I’ve always had some bad luck. Sometimes so many bad things happened to me that it started to feel ridiculous and I would start laughing.
I had started a post that was supposed to be an example of that. It went into detail over how many bad and ridiculous things happened to me on Friday, but was going to end with me explaining how that I just gave up and started laughing by the time that I got to the end of my day. The post was going to go live today, and included the ridiculously bad luck I had at the DMV on Friday.
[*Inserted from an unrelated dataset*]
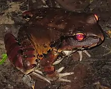 The smoky jungle frog (Leptodactylus pentadactylus) is a species of frog in the family Leptodactylidae. It is found in Bolivia, Brazil, Colombia, Ecuador, Costa Rica, Panama, French Guiana, and Peru.[2] Its natural habitats are tropical and subtropical moist broadleaf forests, subtropical or tropical swamps, subtropical or tropical moist montane forest, rivers, freshwater marshes, intermittent freshwater marshes, and aquaculture ponds.
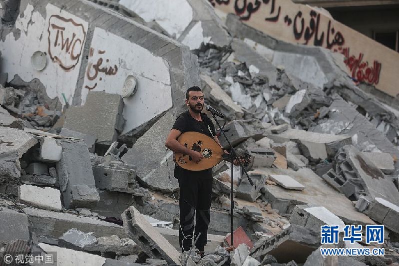 当地时间2018年8月15日,加沙加沙城,埃及“Devavin”乐队在被以军空袭过的Said al-Mishal文化中心废墟上表演。(图片来源:视觉中国)

But then something bad happened that was too serious for me to really be able to do that. To some of you, this might seem ridiculous that I’m so affected over this, but that’s really your issue and not mine.
I found out yesterday that my beloved dog, Gus, has cancer.
This five-year-old Berner has been with me through so much. He was my personal therapy dog through 2 surgeries, my RA diagnosis, the years of trying to get a treatment that worked, and 4 chemo treatments. And now I can’t be there for him in his time of need, because he is in Boston and I’m in Nashville.
Pets mean so much more than you can ever imagine, and Gus is a special one at that. He’s only 5 years old, and it hurts my heart.
We don’t know what kind or how severe the cancer is. We were under the impression that the cyst removed from his back a few weeks ago was not a problem, but apparently that was incorrect. Today he sees a specialist to figure all of this out, and I fervently wish that I was in Boston.